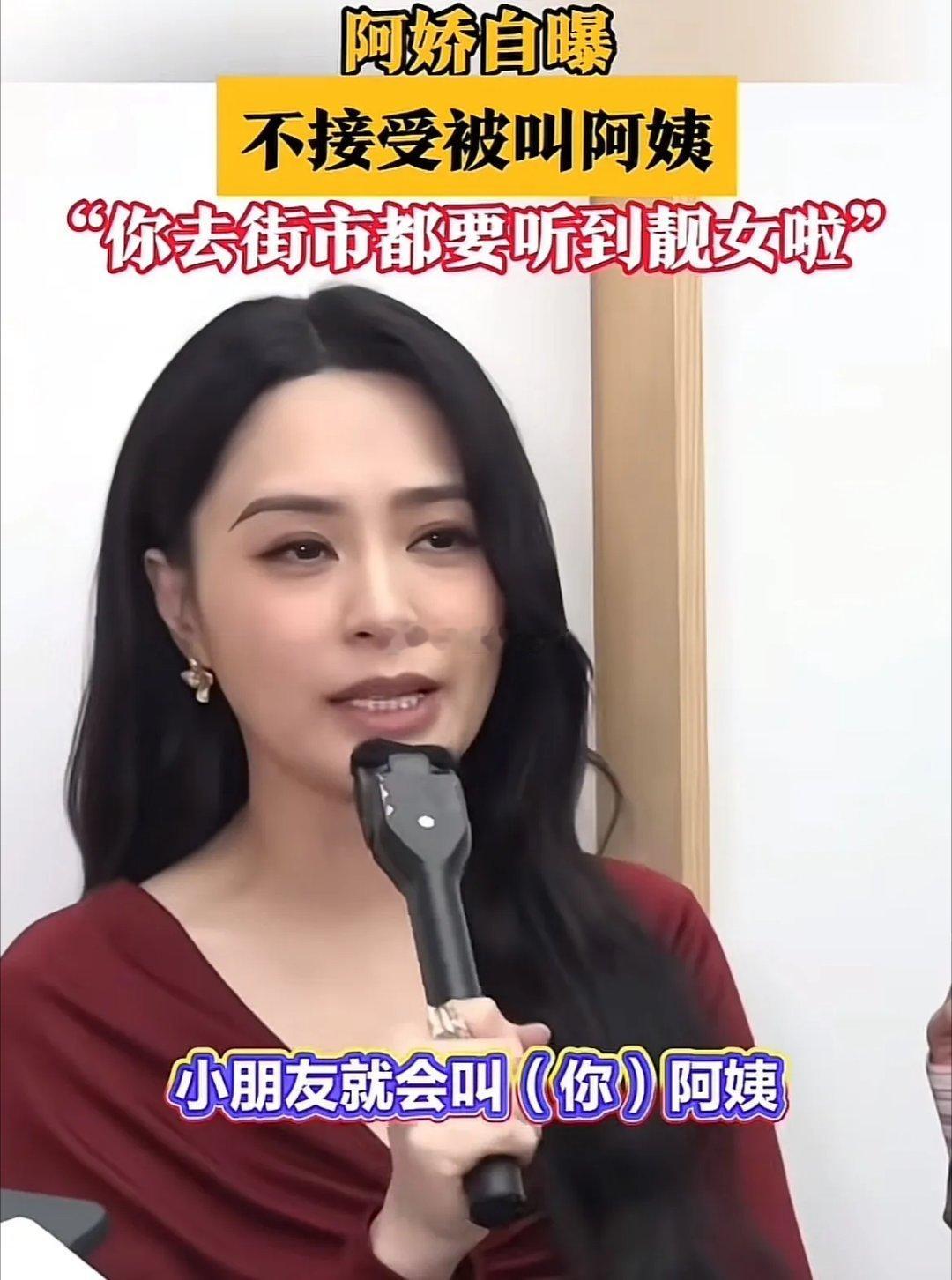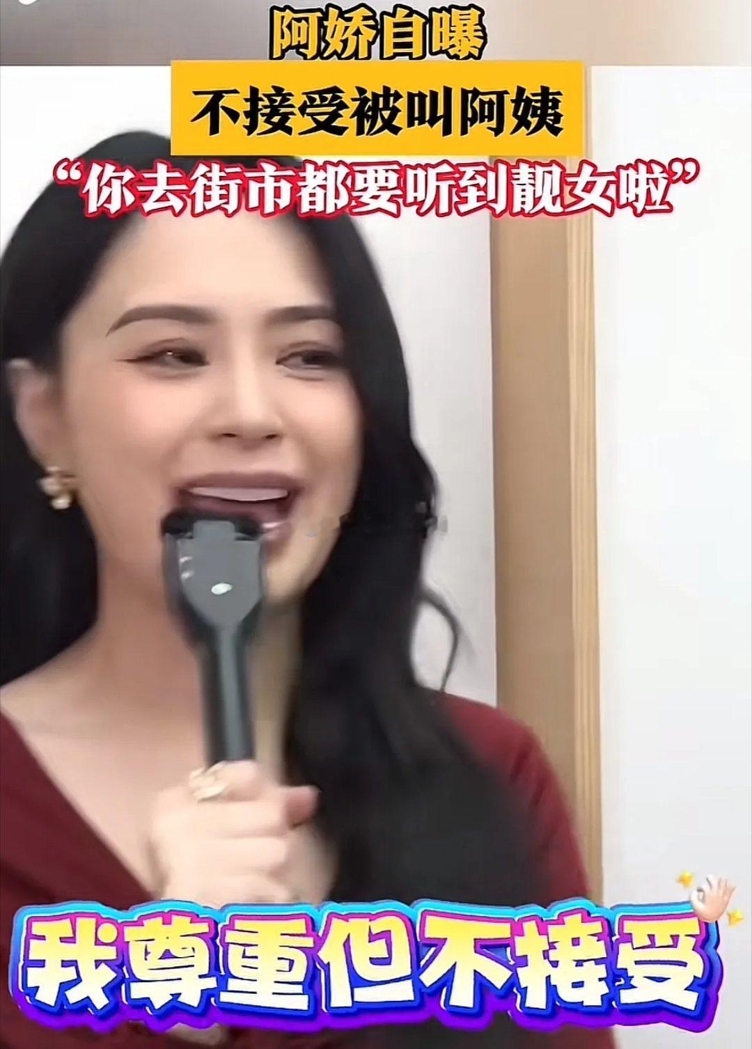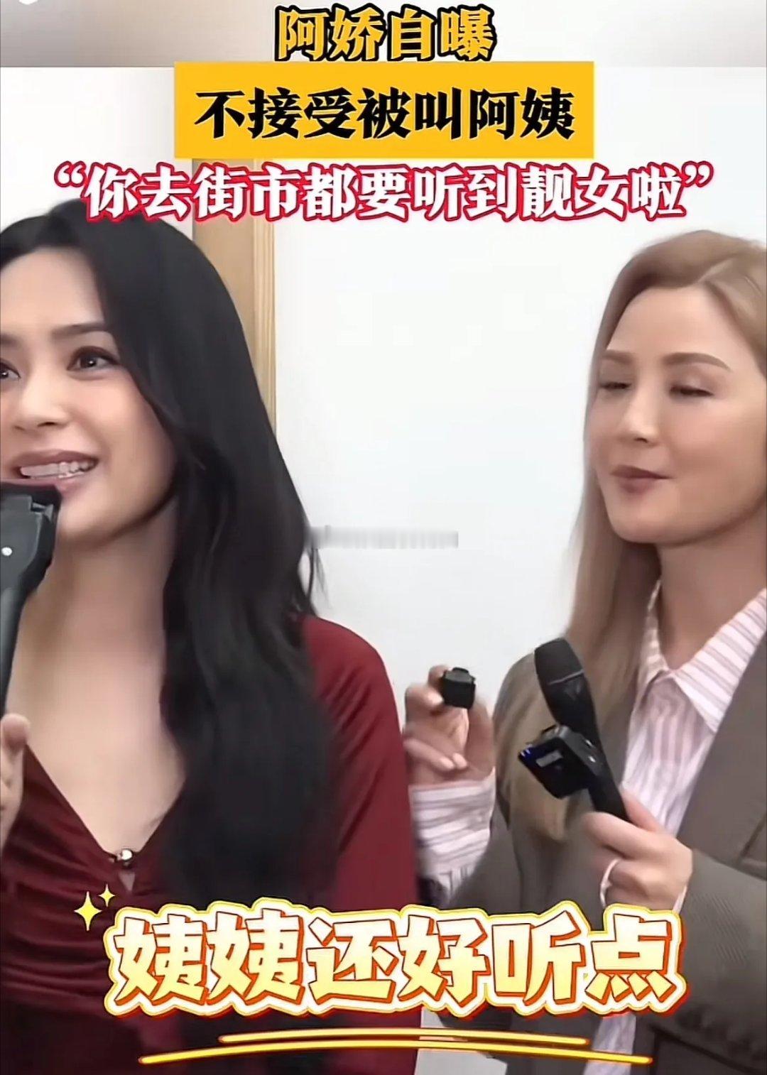 记者问阿娇:“是不是之前有人叫你姨姨。你不喜欢?”阿娇说:“不是姨姨啊,是阿姨。姨姨都好听点,因为你过了二十多岁,小朋友就会叫你阿姨。”阿SA说:“人家十几二十岁才叫姐姐。”阿娇说:“但是我不接受,我尊重但是我不接受。”记者还问是不是喜欢别人永远叫你姐姐,阿娇比喻说你去买菜人家都是叫“靓女”的。
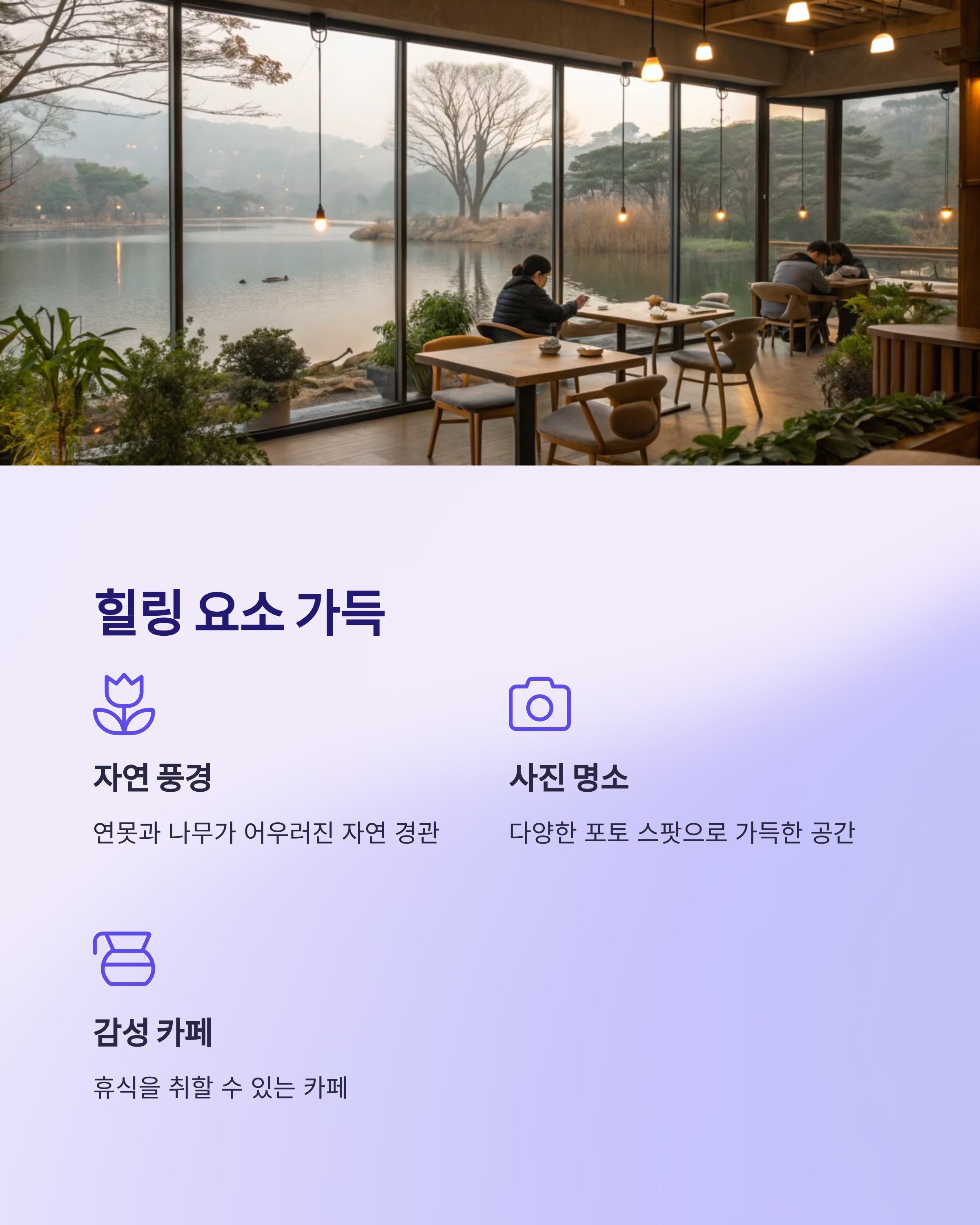 | 옥연카페 | 핸드드립 커피, 플랫화이트 | 통창으로 보이는 연못 뷰 |
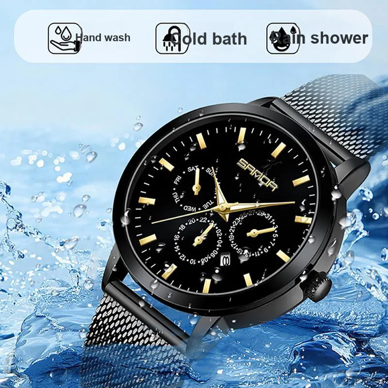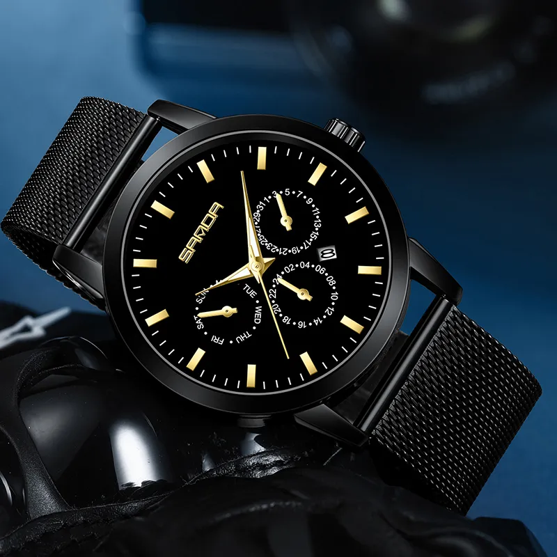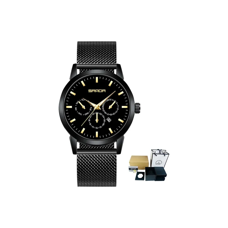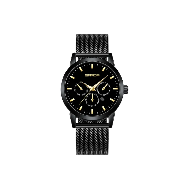 Sanda Кварцевый механизм нержавеющая сталь ремешок женские часы черный циферблат
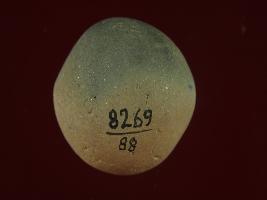 | Description / विवरण | Trench FX-3, LxB-D XXIX3 .60 mtrs x 2.60 mtrs - 3.40 mtrs Below peg XXVII3, Stratum Layer 15 This is a ball made up of baked clay. It is almost round in shape. Some irregular marks all over the surface. Appearance is of grey colour. |
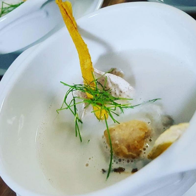 4. Peel and cut the yucca; boil, mash and shape into little balls. Add flour for consistency.
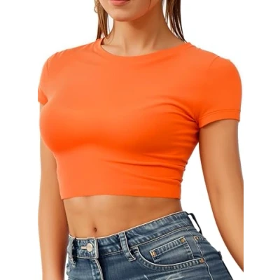 AMAZING COLOURS - This fitted short sleeve crop top offers a sleek, flattering look, available in 19 vibrant colors including white, red, black, pink, purple, green, and yellow. Combine style and comfort in a variety of shades to suit every wardrobe. THE PERFECT FIT - It's like we read your mind! This womens summer top is crafted with super stretchy fabric that moves with you easily! Dance, eat, and conquer the world in style. Warning: may cause confidence boosts and frequent mirror checks! MACHINE WASHABLE - Goodbye to washing day hassle! This top is machine washable, ensuring easy care. Toss it in, wash, and wear again—it's that simple. Durable fabric keeps its shape and color, so you can enjoy looking fabulous with zero fuss. STYLE UP FOR SUMMER - The cropped fit, short sleeves, and soft fabric make it a go-to favorite. Perfect for layering, pair it with light overshirts for a chic, breezy look or wear it solo to stay cool and stylish all season long. FUN-FILLED DAYS & NIGHTS OUT! With a comfy fit and quality fabrics, this top keeps you looking stylish and feeling great. Perfect for any adventure, its scoop neck and short sleeves let you move freely, so you can enjoy every moment in style. IDEAL FOR LAYERING IN COLD SEASONS - Transition seamlessly into autumn and winter by layering this crop top underneath blazers, cardigans, or oversized sweaters, adding a touch of style to your cold-weather outfits. Get that Y2k touch & stay on trend STYLISH & VERSATILE DESIGN: Elevate your wardrobe with this trendy crop top, perfect for casual outings, parties, or everyday wear. Easily pairs with jeans, skirts, or shorts for a chic look year-round. QUALITY FABRICS: Crafted from high-quality viscose, offering breathability, softness, and durability, ensuring all-day comfort while maintaining a polished look. EASY TO STYLE: This crop top effortlessly complements a range of wardrobe staples, from high-waisted trousers to statement jackets, making it an essential piece for building both casual and chic layered looks. MODERN CUT & FLATTERING SILHOUETTE: Tailored for a sleek, trendy fit, this crop top accentuates your shape and offers a stylish option for layering or wearing as a standalone statement piece.

⁂

**What you should do**
Retype all of the listing word for word and skip the pictures.

**Result for this task**
 记者问阿娇:“是不是之前有人叫你姨姨。你不喜欢?”阿娇说:“不是姨姨啊,是阿姨。姨姨都好听点,因为你过了二十多岁,小朋友就会叫你阿姨。”阿SA说:“人家十几二十岁才叫姐姐。”阿娇说:“但是我不接受,我尊重但是我不接受。”记者还问是不是喜欢别人永远叫你姐姐,阿娇比喻说你去买菜人家都是叫“靓女”的。
 | 옥연카페 | 핸드드립 커피, 플랫화이트 | 통창으로 보이는 연못 뷰 |
 Sanda Кварцевый механизм нержавеющая сталь ремешок женские часы черный циферблат
 | Description / विवरण | Trench FX-3, LxB-D XXIX3 .60 mtrs x 2.60 mtrs - 3.40 mtrs Below peg XXVII3, Stratum Layer 15 This is a ball made up of baked clay. It is almost round in shape. Some irregular marks all over the surface. Appearance is of grey colour. |
 4. Peel and cut the yucca; boil, mash and shape into little balls. Add flour for consistency.
 AMAZING COLOURS - This fitted short sleeve crop top offers a sleek, flattering look, available in 19 vibrant colors including white, red, black, pink, purple, green, and yellow. Combine style and comfort in a variety of shades to suit every wardrobe. THE PERFECT FIT - It's like we read your mind! This womens summer top is crafted with super stretchy fabric that moves with you easily! Dance, eat, and conquer the world in style. Warning: may cause confidence boosts and frequent mirror checks! MACHINE WASHABLE - Goodbye to washing day hassle! This top is machine washable, ensuring easy care. Toss it in, wash, and wear again—it's that simple. Durable fabric keeps its shape and color, so you can enjoy looking fabulous with zero fuss. STYLE UP FOR SUMMER - The cropped fit, short sleeves, and soft fabric make it a go-to favorite. Perfect for layering, pair it with light overshirts for a chic, breezy look or wear it solo to stay cool and stylish all season long. FUN-FILLED DAYS & NIGHTS OUT! With a comfy fit and quality fabrics, this top keeps you looking stylish and feeling great. Perfect for any adventure, its scoop neck and short sleeves let you move freely, so you can enjoy every moment in style. IDEAL FOR LAYERING IN COLD SEASONS - Transition seamlessly into autumn and winter by layering this crop top underneath blazers, cardigans, or oversized sweaters, adding a touch of style to your cold-weather outfits. Get that Y2k touch & stay on trend STYLISH & VERSATILE DESIGN: Elevate your wardrobe with this trendy crop top, perfect for casual outings, parties, or everyday wear. Easily pairs with jeans, skirts, or shorts for a chic look year-round. QUALITY FABRICS: Crafted from high-quality viscose, offering breathability, softness, and durability, ensuring all-day comfort while maintaining a polished look. EASY TO STYLE: This crop top effortlessly complements a range of wardrobe staples, from high-waisted trousers to statement jackets, making it an essential piece for building both casual and chic layered looks. MODERN CUT & FLATTERING SILHOUETTE: Tailored for a sleek, trendy fit, this crop top accentuates your shape and offers a stylish option for layering or wearing as a standalone statement piece.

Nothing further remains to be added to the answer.